Because of its polar character, the head group is hydrophilic, or water
attracting, whereas the nonpolar hydrocarbon tail is hydrophobic, or water repelling.
The hydrophobic tails dissolve in grease (London forces), leaving the hydrophilic
head dissolved in water (dipole-dipole or hydrogen bonds). As a result, the whole
soap with the grease trapped in it dissolves in water and is washed away when rinsed.
Solubility of Ionic Compounds

We can predict whether a given ionic solid is likely to dissolve in water by using the
solubility rules (Chapter 4, table 4.1, p. 11).

In order to dissolve an ionic compound, the ion-dipole interaction must be greater
than the ion-ion interaction. This happens when ionic compounds are formed from
large anions with low charges. Ionic compounds with large anions with low charges
are often soluble.
Pressure and Solubility: Henry’s Law

The solubility of a gas is directly proportional to its partial pressure, because an
increase in pressure corresponds to an increase in the rate at which gas molecules
strike the surface of the solvent.

The molar solubility of a gas is denoted by Cg, and Henry’s law is written: Cg = kH x
P, where kH, which is called Henry’s constant, depends on the gas, the solvent, and
the temperature. The law implies that at constant temperature, doubling the partial
pressure of a gas doubles its solubility.
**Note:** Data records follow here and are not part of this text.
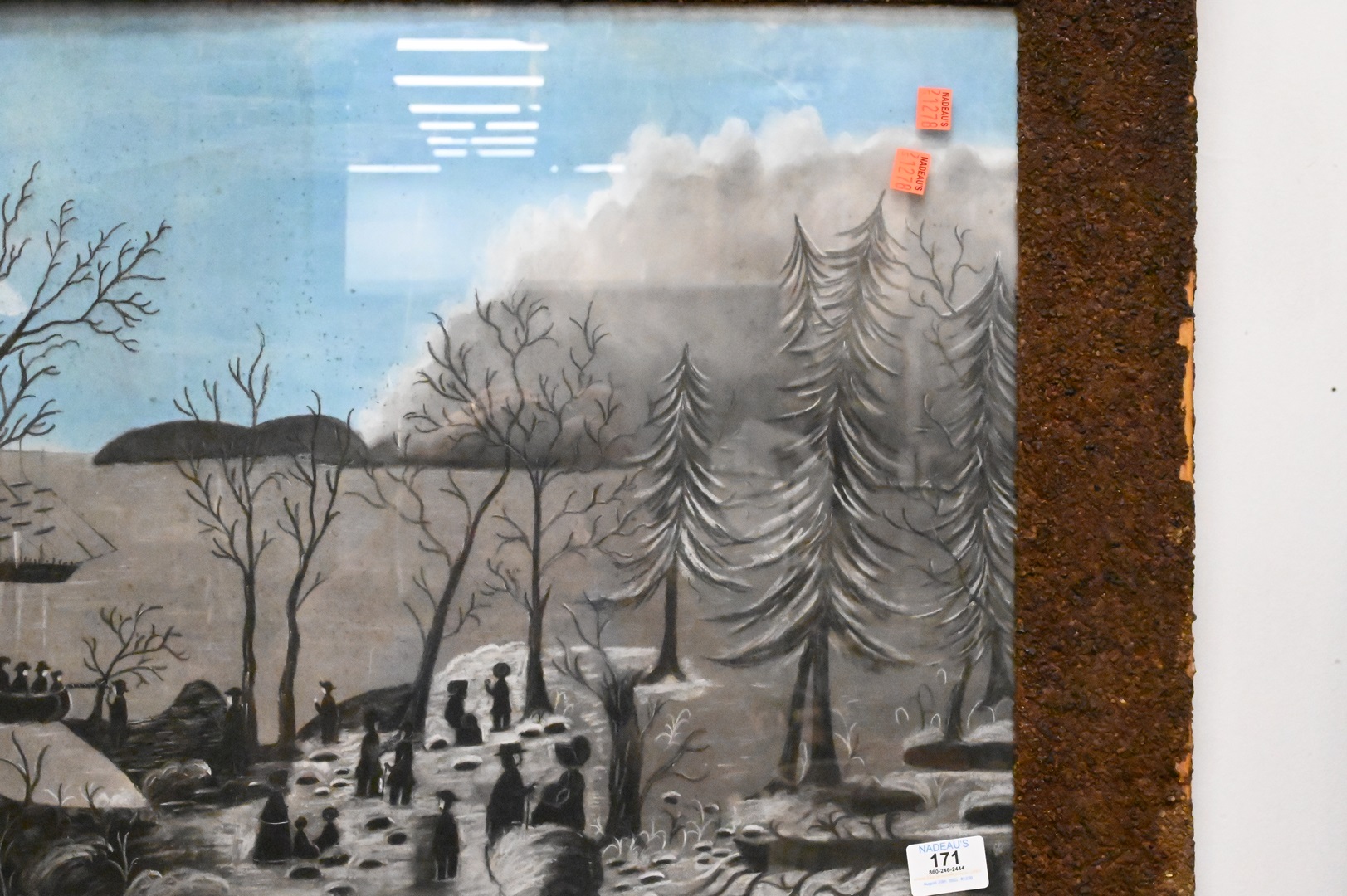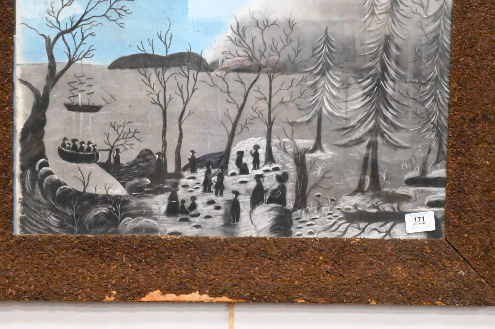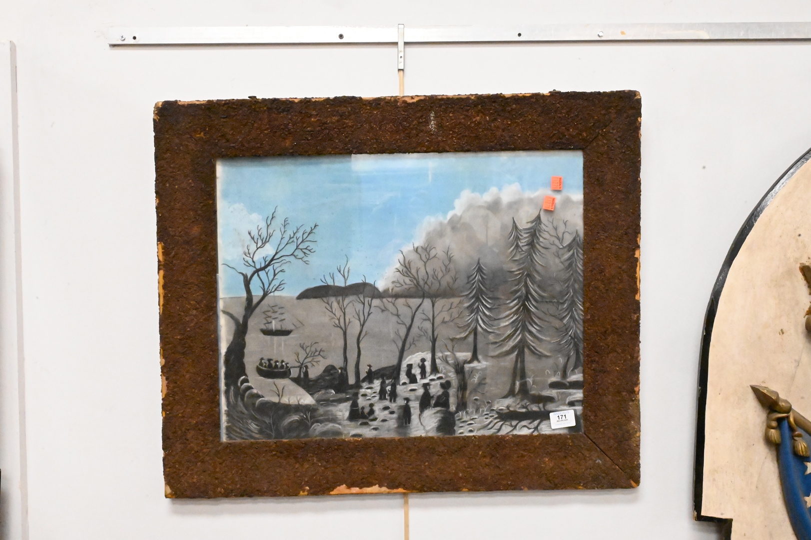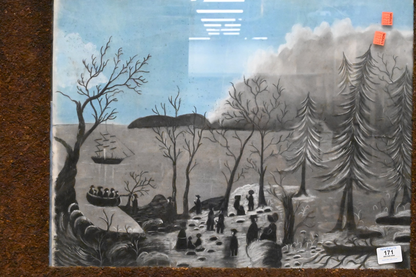 Primitive Sandpaper Painting, depicting the Pilgrims landing in America, unsigned, 18″ x 23″. Provenance: Estate of Peter Tillou, Litchfield, Connecticut.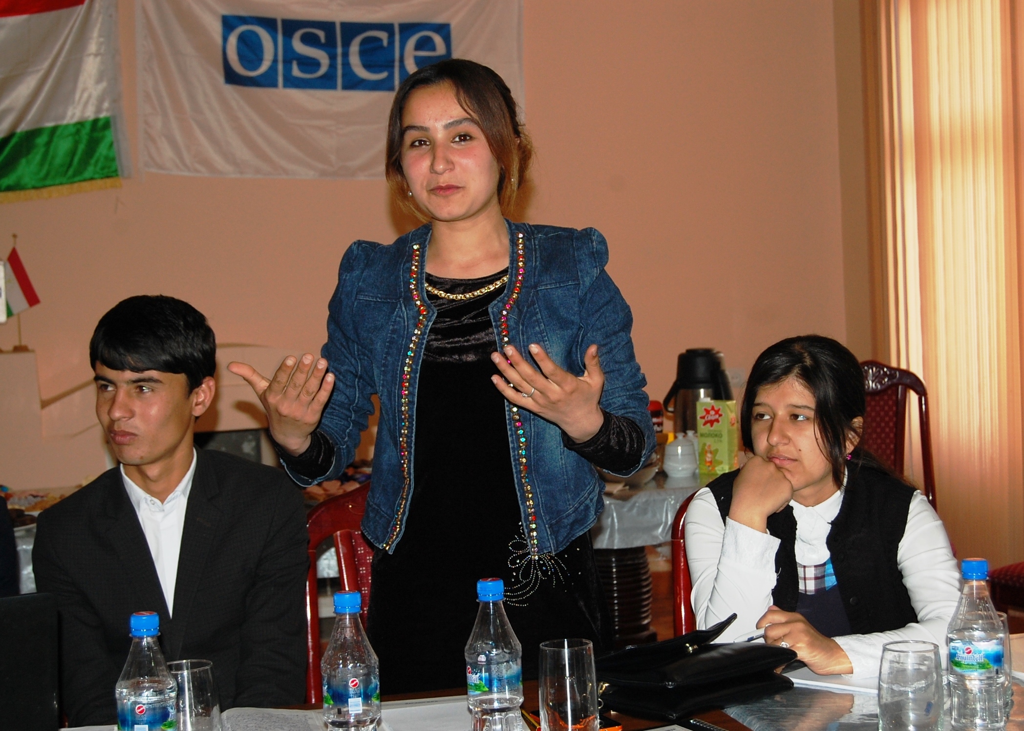 Young journalists from Kurgan-Tyube during an OSCE organized workshop on the role of independent, pluralistic and professional media, 29 February 2016.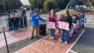 “Decidimos traer nuestro circuito de seguridad vial para que los niños ya vayan aprendiendo desde pequeños, desde los primeros días, cómo es que deben comportarse tanto en la calle como también en los furgones”, dijo Ruiz.
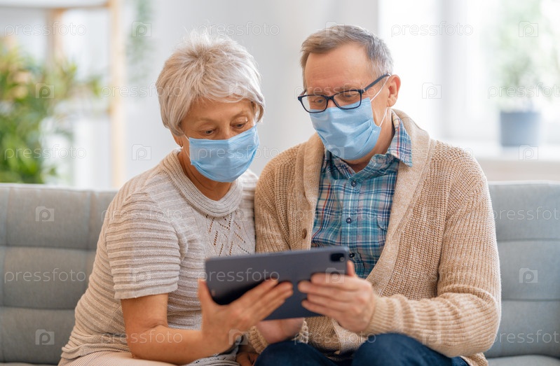 Пожилая пара в масках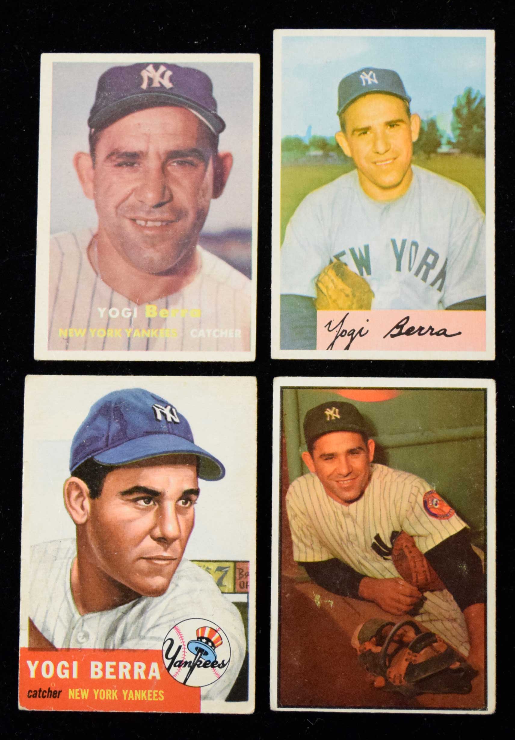 Lot of (4) 1953-1957 Topps and Bowman Yogi Berra cards (GD-VG) Includes 1953 Topps #104 (GD), 1953 Bowman Color #121 (VG), 1954 Bowman #161 (GD), and 1957 Topps #2 (VG): GD-VG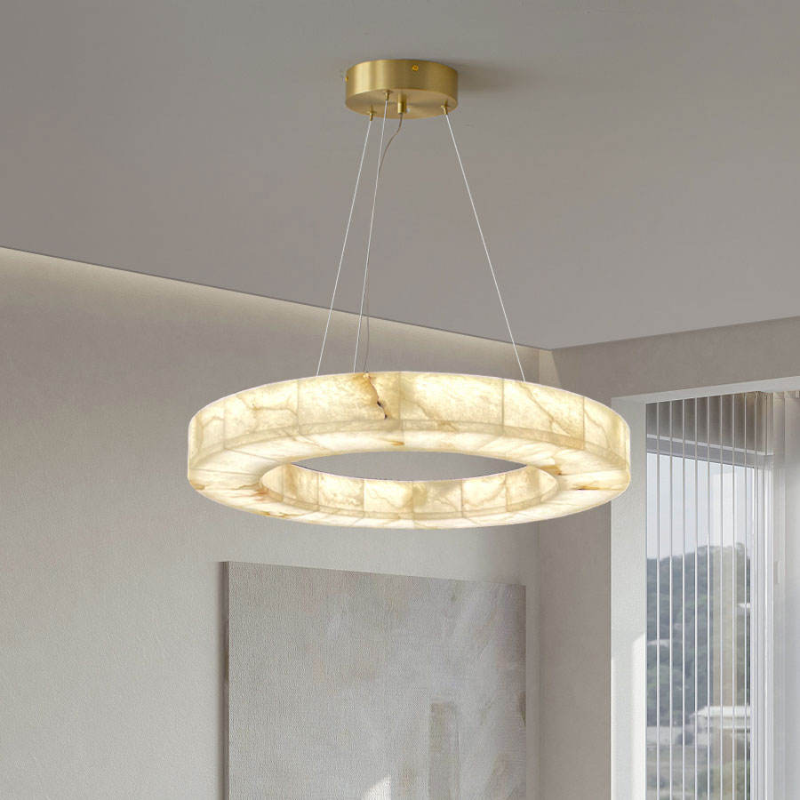 Luz de iluminación de alabastro francés moderno Villa Hotel anillo lámpara círculo mármol araña luces colgantes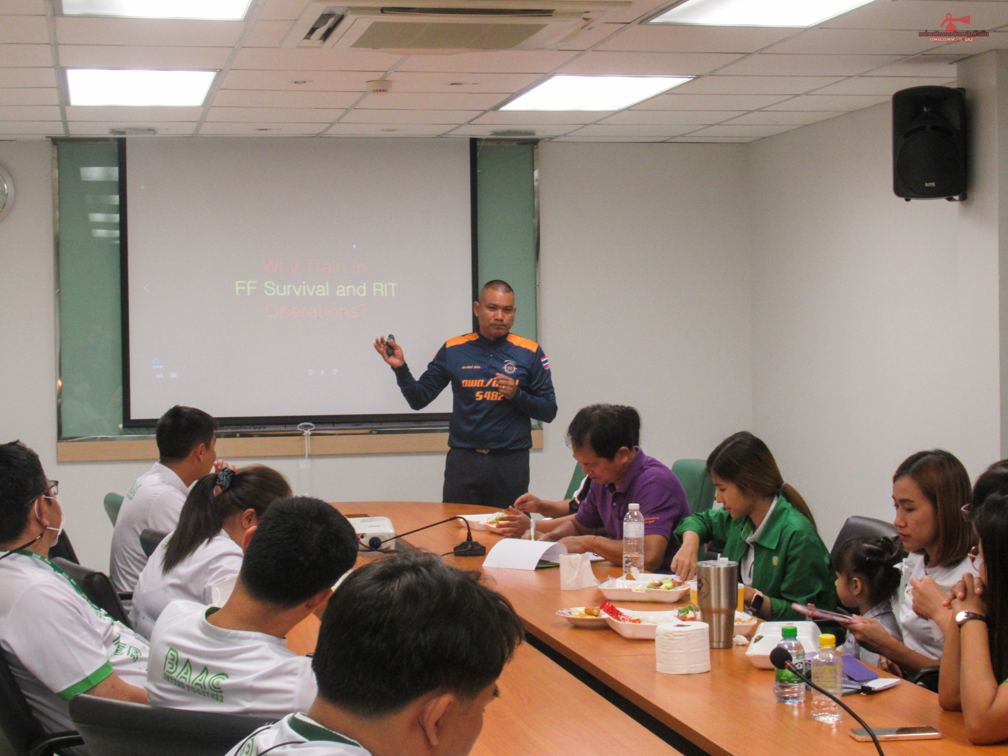 วันที่ 11 กรกฎาคม 2566 เวลา 16.00 - 21.00 น. เจ้าหน้าที่หน่วยฝึก ดพต./ดพฝ.-ร482 ออกฝึกอบรม เรื่อง การดับเพลิงขั้นต้น การฝึกซ้อมดับเพลิง และฝึกซ้อมอพยพหนีไฟ ให้กับ ธนาคารเพื่อการเกษตรและสหกรณ์การเกษตร สาขาแม่สอด ตามโครงการอบรมเชิงปฏิบัติการเรื่องการอบรมดับเพลิงเบื้องต้น ประจำปี 2566 โดยการจัดให้มีการฝึกอบรมการป้องกันและระงับอัคคีภัย การดับเพลิงเบื้องต้นและการใช้ถังเคมีดับเพลิง โดยมีการให้ความรู้เกี่ยวกับ เรื่อง แผนการดับเพลิงและวิธีการดับเพลิงของ สถานประกอบการ ฝึกซ้อมดับเพลิง และได้ให้ความรู้เกี่ยวกับการป้องกันระงับอัคคีภัย องค์ประกอบของการเกิดไฟ ประเภทของไฟ ความรู้เกี่ยวกับสารเคมี การใช้ถังดับเพลิงเคมี พร้อมสาธิตการฝึกปฏิบัติ การใช้อุปกรณ์เครื่องมือการดับเพลิงและบรรเทาสาธารณภัย การใช้อุปกรณ์ดับเพลิงอย่างถูกวิธี เลือกใช้ ความปลอดภัย การแนะนำอุปกรณ์ชุดผจญเพลิง เป็นต้น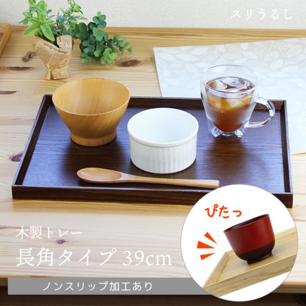 トレー カフェ 木製 お盆 長角膳 スリうるし 39cm ノンスリップ加工 001-183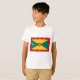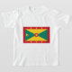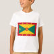 Drapeau de Grenade. Le drapeau national de la Grenade a été adopté à l'indépendance du Royaume-Uni, le 7 février 1974. Les six étoiles de la frontière rouge représentent les six paroisses du pays, avec l'étoile moyenne, encerclée par un disque rouge, qui représente la capitale, Saint George's. Le symbole dans le treuil représente une gousse de muscade, l'une des principales cultures de Grenade. Il représente également un lien vers l'ancien nom de Grenade, qui était "l'île aux épices". La combinaison de couleurs rouge, or et vert, dans le drapeau est représentative de l'identité africaine du pays. Le rouge signifie courage et vitalité, le jaune, sagesse et chaleur, le vert, végétation et agriculture.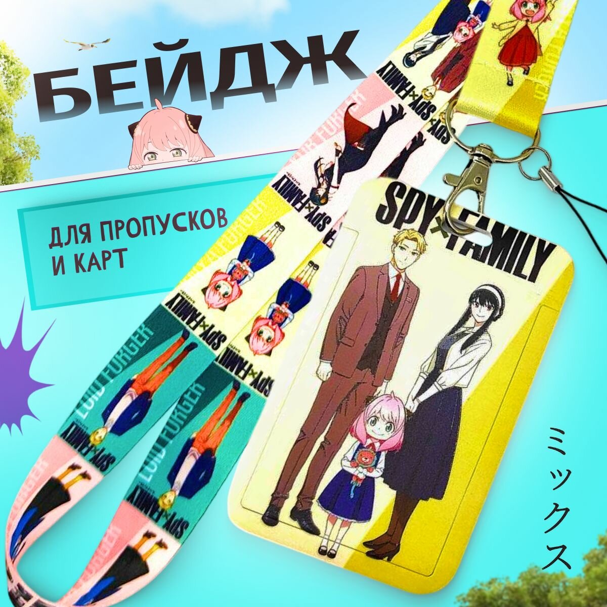 СохранитьЧехол для пропуска с широкой лентой. Бейджик для школьника. Держатель для пропуска вертикальный SKY Family аниме интересное: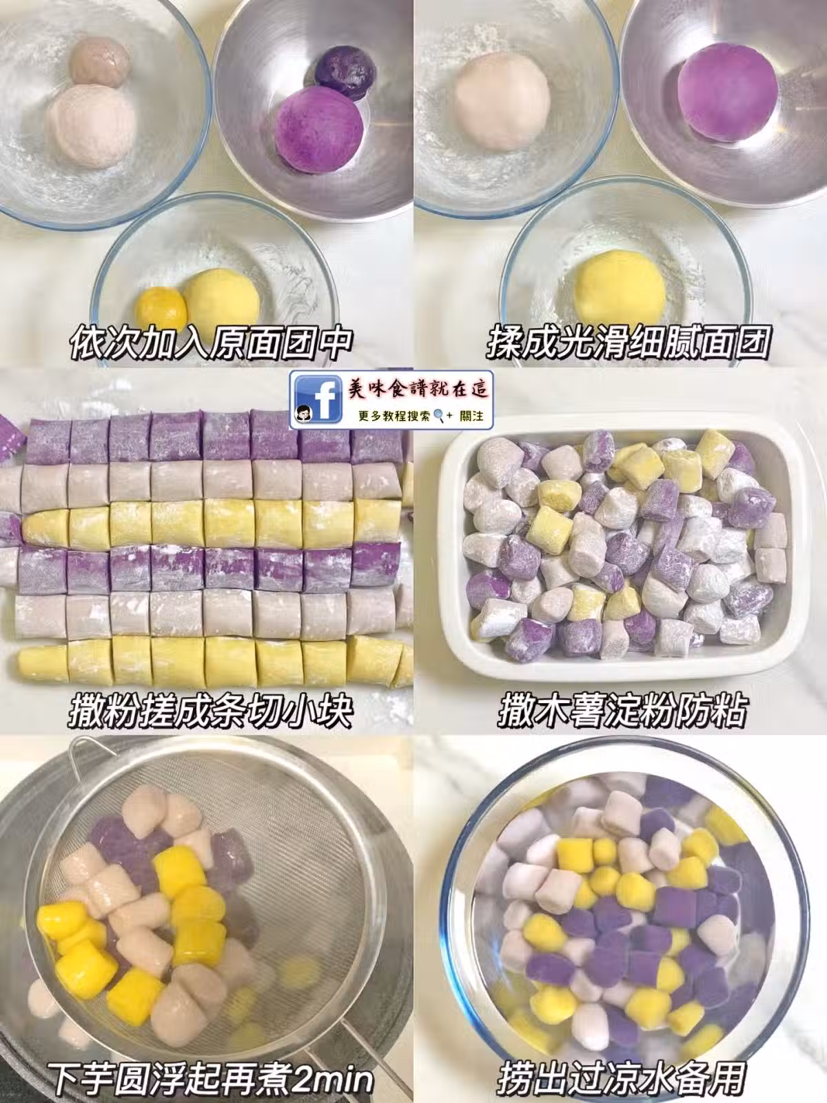 ❸依次揪1/3麵糰放入開水中煮2min加入原麵糰揉成團搓成長條切小塊 撒木薯澱粉防粘

Temperature and Solubility

The variation of solubility with temperature is difficult to predict, except in the case
of gases, where raising the temperature nearly always lowers the solubility.

Most ionic and molecular compounds are more soluble in hot water than in cold.
However, a few solids, such as lithium sulfate, are less soluble at high temperatures
than at low. A smaller number of compounds show a mixed behavior.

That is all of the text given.